Friday 24 November 2017

Target buyers of sex not prostitutes, politicians told

Louise Hogan

Louise Hogan

FINANCIAL exploitation by pimps and traffickers would come to an end if new laws go ahead to criminalise the purchase of sex, campaigners have said.

Legislation to make it an offence to pay for sex, yet not to penalise the prostitute selling sexual services, have been recommended.

Sarah Benson, chief executive of Ruhama, said targeting those who pay for sex was the "most effective way" to tackle trafficking and end exploitation of vulnerable people engaged in prostitution. Among the changes recommended to the laws on prostitution by the Oireachtas Committee on Justice were increased penalties for those caught trafficking people for sexual exploitation, and those organising the €200m a year business.

Currently, prostitutes are penalised rather than those paying for sex.

Other legal reforms include giving gardai power to have a telephone number disabled if it is believed to be used for prostitution. It also urged that accessing websites advertising prostitution should be treated in same way as accessing sites advertising or distributing child pornography and that the Criminal Assets Bureau (CAB) be tasked with focusing on the flow of money from the lucrative industry.
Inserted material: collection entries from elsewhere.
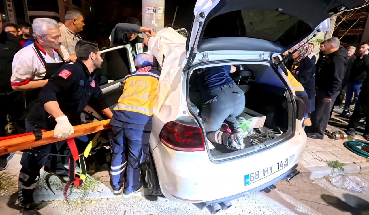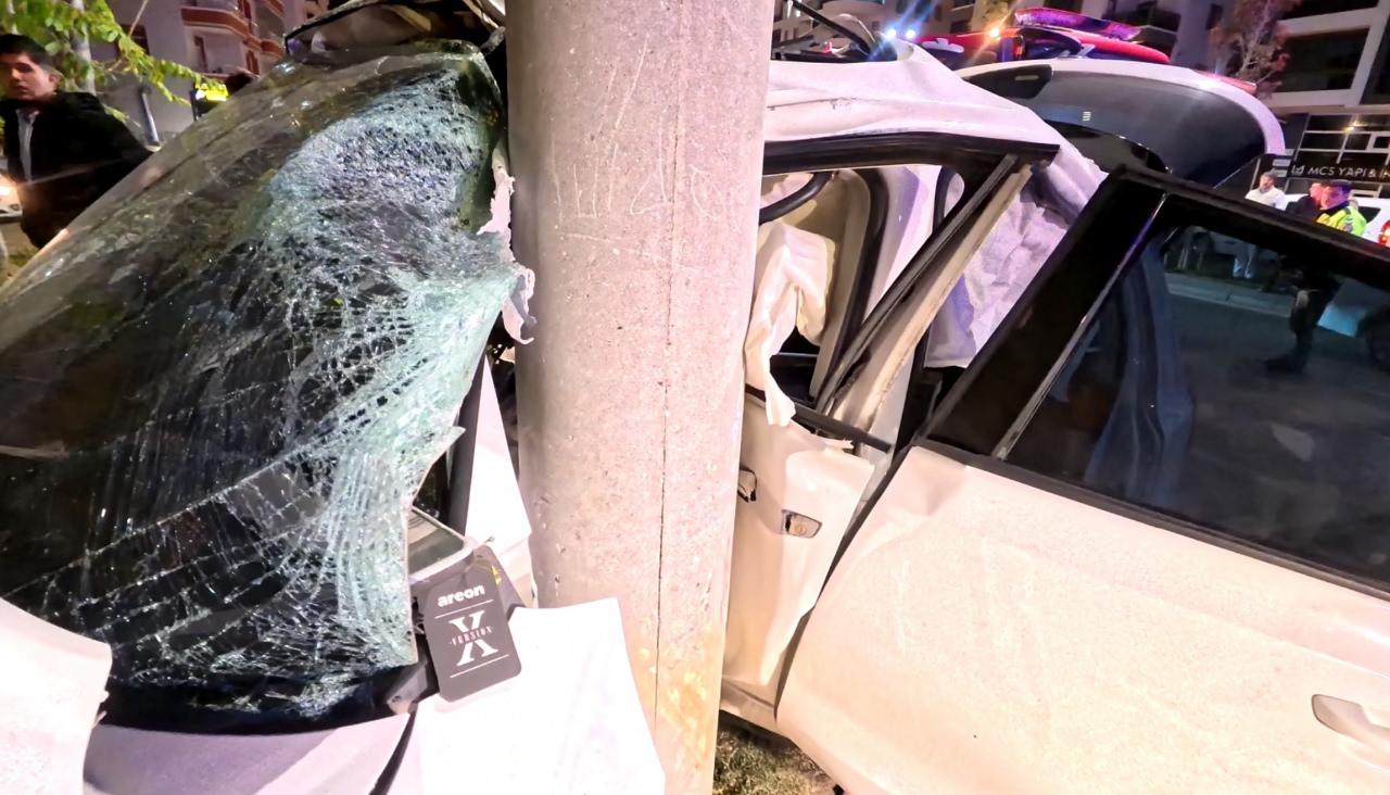 Otomobil direğe bir ok gibi saplandı: 2 ağır yaralı
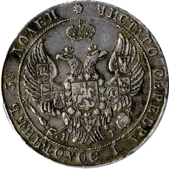 В январе 1830 года Николай I дает министру финансов Е. Ф. Канкрину устное указание «о сделании на золотых и серебряных монетах орла как на платиновых». На новом гербе крылья орла подняты, на них размещены шесть местных гербов — казанский, астраханский, сибирский, польский, херсонесский и финляндский. На груди орла — московский герб, на головах — короны. С 1832 года заодно с орлом изменяются и композиции обеих сторон монет: на лицевой стороне содержание чистого серебра в монете теперь обозначает круговая надпись. Нужно помнить, что доставшаяся Николаю в наследство от трех прежних правлений масса обесцененных бумажных денег является острой экономической проблемой. Правительство Николая удерживает объем ассигнаций строго на одном уровне, не прибегая к дополнительным эмиссиям; курс рубля ассигнациями колеблется вокруг 35 копеек.
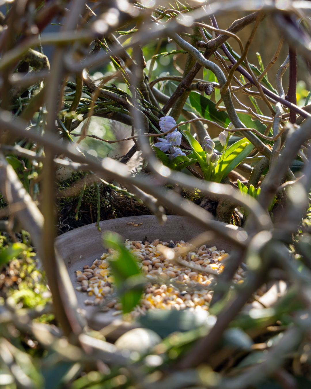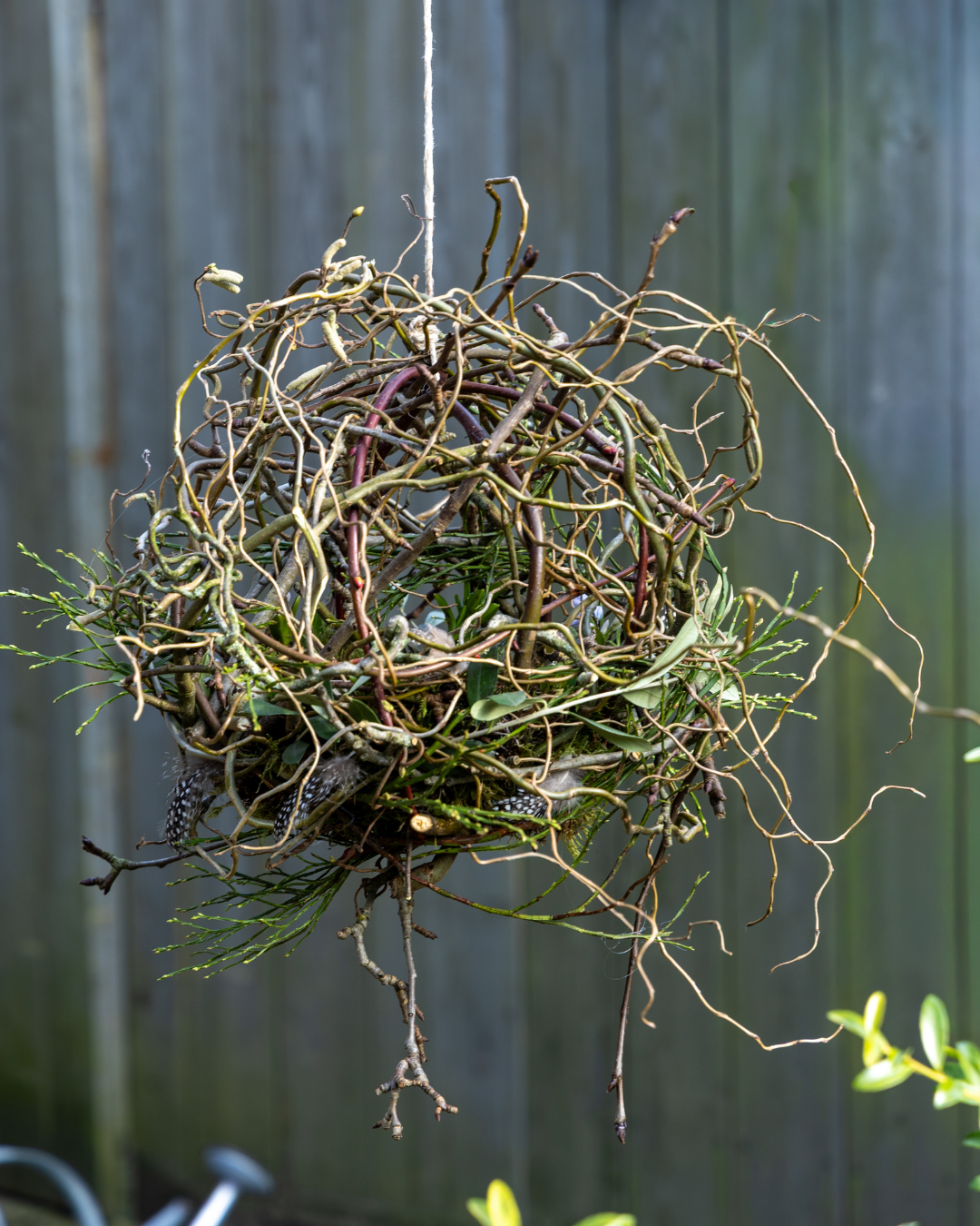 Een vrolijke decoratie om op te hangen in de tuin. De wilde takken omringen een voederschaal voor de kleine tuinvogels. Versierd met veren, eieren en bloeiende bolletjes.
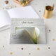 Choose a lovely white calla lily on an old-fashioned script background for a beautiful remembrance of your special day.
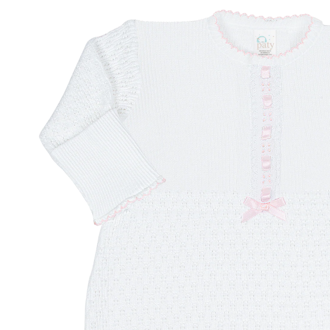 Classic Striped signature, 50/50 blend, Paty knit eyelet daygown accented in matching picot trim
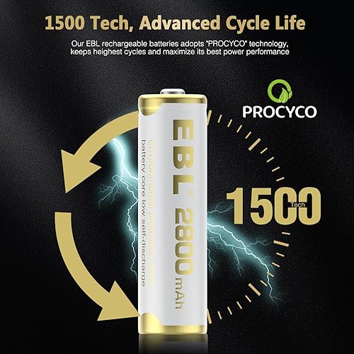 Improved "PROCYCO" Technology: EBL AA rechargeable batteries incorporate the enhanced PROCYCO technology. This upgrade entails a shift from 1200 Tech to 1500 Tech, resulting in improved cycle life and maximizing their power performance to the fullest extent.
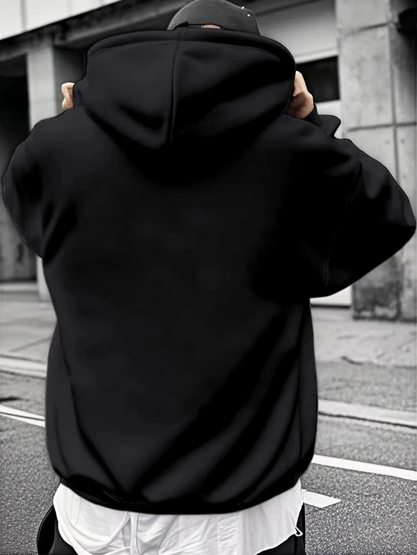 Men's Casual Winter Hooded Sweatshirt - Regular Fit, Machine Washable, Trendy Streetwear Pullover, Comfortable Knit Fabric
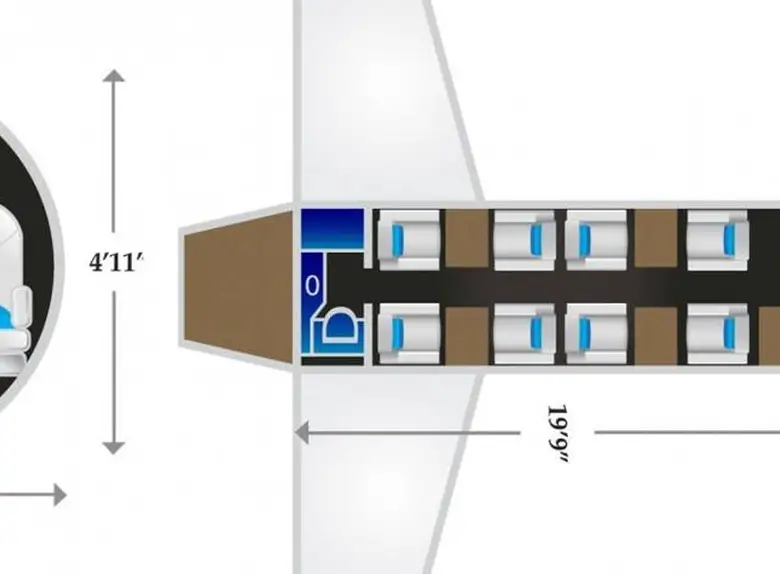 Интерьер выполнен в конфигурации "двойной клуб", включает откидные столики, розетки, освещение и отдельный туалет. Отличный баланс между деловой и личной атмосферой в воздухе.
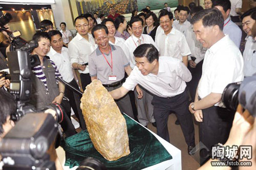 廣東省委書記汪洋、省長(zhǎng)黃華華等細(xì)致觀摩嘉俊陶瓷皇室御品“酒黃寶石”(譚瑞源 攝)
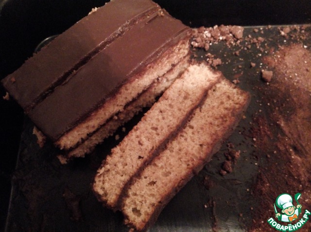 Получился плотный бисквит 2см толщиной. Глазурью поливала от души, чтобы было вкусно и не сухо.
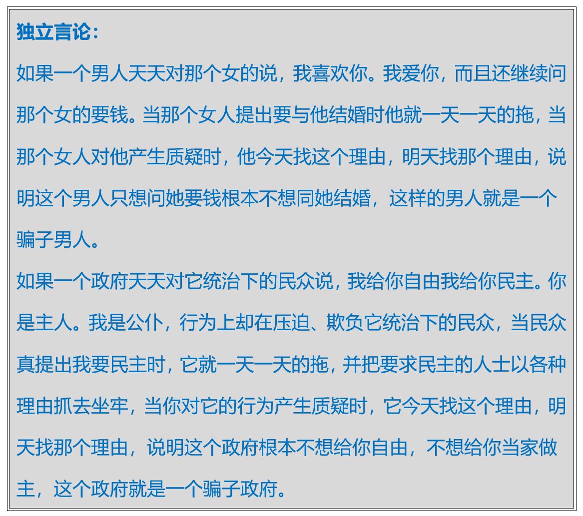 当一个组织不允许你选择和罢免时,它一定会把谎言编织成真理,
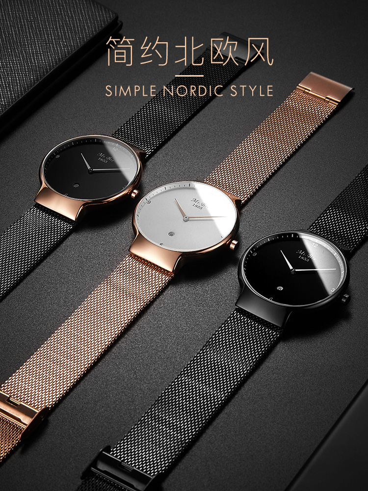 Iss Unique Matte Ripple Dial With Arabic Number Men Watch Luminous Hands Ultra Thin 7mm Case Waterproof Quartz Watch
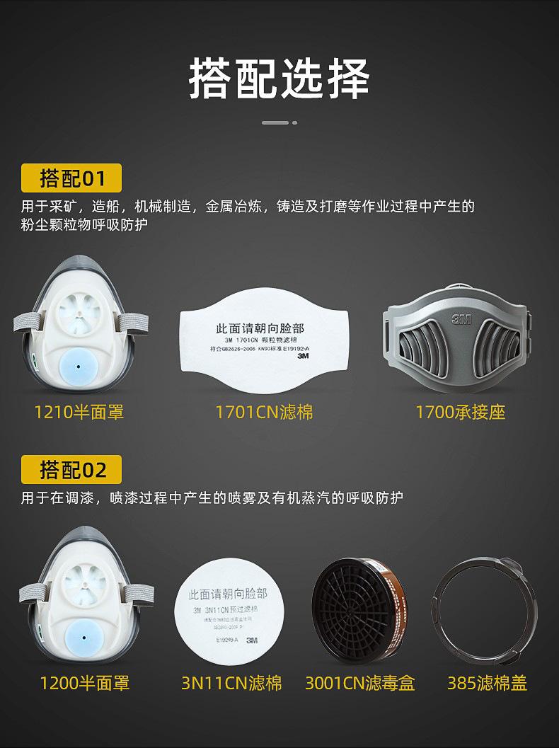 1200 head frame half mask, 1210 head-mounted half mask, 385 cotton filter cover, 3N11 filter Cotton, 3303 pois...
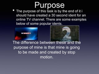 This document provides details for an animation pitch for a 30 second ident for an online TV channel called Bubblextra, which targets ages 8-14. The ident will be created using stop motion animation with playdough. It outlines the concept, characters, colors, lighting, limitations, storyline, audio considerations, continuity, and importance of smooth movement. The ident will feature a green monster, purple octopus, and group of red clay men interacting to represent the channel and its programs.
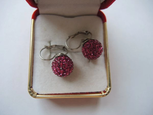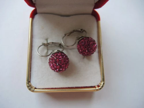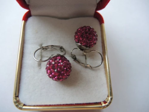 Luxusní náušničky kuličky jsou osypané zirkony v barvě Fuchsia ( zářivá růžovo červená) Velikost kuliček 12mm Při jejich výrobě je kladen důraz na dokonalé usazení zirkonů do šperkařské hmoty . Výsledkem je kvalitní šperk . Tento kuličkový styl náušnic je u zákaznic velice oblíbený také díky pohodlnému zapínání z chirurgické oceli na klapku . Sluší snad každé ženě .
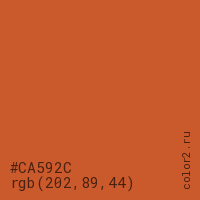 Цвет #CA592C в цветовой модели RGB обозначается тремя октетами (202, 89, 44) в десятичном формате и #CA592C в шестнадцатиричном (hex) формате, которые являются интенсивностью красного 202 (hex CA), интенсивность зелёного 89 (hex 59) и интенсивность синего 44 (hex 2C).

Fine Gael TD David Stanton, chair of the committee, which also heard stories from survivors of prostitution, said they had found persuasive the evidence of the reduction in demand for prostitution in Sweden since a ban on buying sex.

Mr Stanton said he believed such a ban could be "effectively and efficiently" policed by gardai.

Figures provided to the committee estimated 800 women were for sale online in Ireland each day and 134 people, including children, were trafficked for sexual exploitation over a three-year period.

The Immigrant Council of Ireland – which joined the 'Turn Off the Red Light' campaign to change the laws – urged Justice Minister Alan Shatter to consider the committee's recommendations as swiftly as possible.

Ms Benson said their frontline service dealt with hundreds of women every year who have lived with the "dangers and devastating harm" of the sex trade.